Safina won her second title of 2005 in May at Prague, defeating Zuzana Ondrášková in the final. However, she then lost in the first round of the French Open to Virginie Razzano. She won a match at Wimbledon for the first time, eventually losing in the third round to top seed Lindsay Davenport.

After losing in the first round of the US Open to Maria Elena Camerin, Safina made three semifinals in the fall – in Luxembourg, the Tier I Moscow and Hasselt. In Moscow, she defeated world No. 1 Maria Sharapova in the quarterfinals, her first victory over a number one player. She also played a key role in Russia's victory against France in the Fed Cup, partnering Elena Dementieva to win the doubles rubber. Speaking in 2008, Safina stated: "that was a great experience in my life [...] it also boosted my confidence because I showed I could play well even with the [French] crowd against me." Safina finished the year ranked world No. 20, by far her highest finish.

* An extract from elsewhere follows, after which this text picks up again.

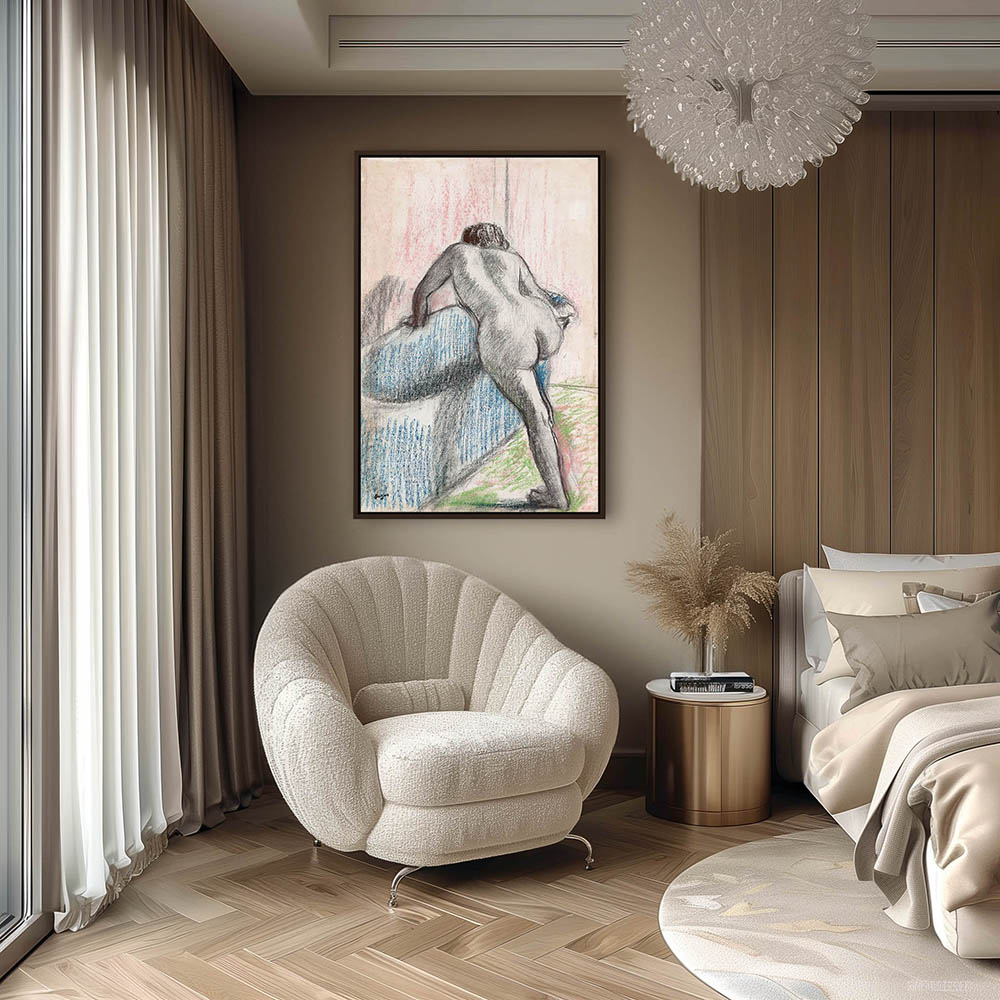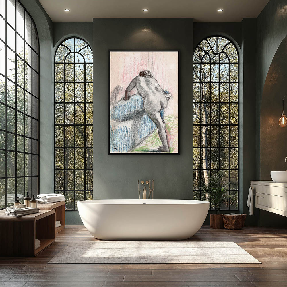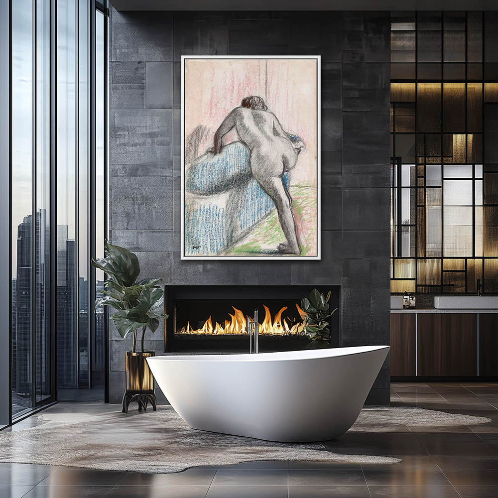 Nude stepping into a bath

===2006: Top 10 debut, first Grand Slam final in doubles===
Safina started 2006 by losing in the second round of the Australian Open to Sofia Arvidsson. The highlight of the remainder of the spring hardcourt season was a run to the quarterfinals in Indian Wells, defeating fifth seed Anastasia Myskina before losing to Martina Hingis. On clay, Safina reached her first final at a Tier I tournament in Rome, defeating top 10 players Kim Clijsters, Elena Dementieva, and Svetlana Kuznetsova, before being defeated by Hingis.

At the French Open, Safina made the quarterfinals at a Grand Slam for the first time in her career. In the fourth round, she defeated fourth-seeded Maria Sharapova. In the third set, she trailed 1–5 and was down a match point but won after almost 2½ hours of play. She went on to lose to Kuznetsova in the next round. To kick off the grass court season, she reached her first grass court final at 's-Hertogenbosch, losing to Michaëlla Krajicek. She then lost in the third round of Wimbledon, losing to Ana Ivanovic.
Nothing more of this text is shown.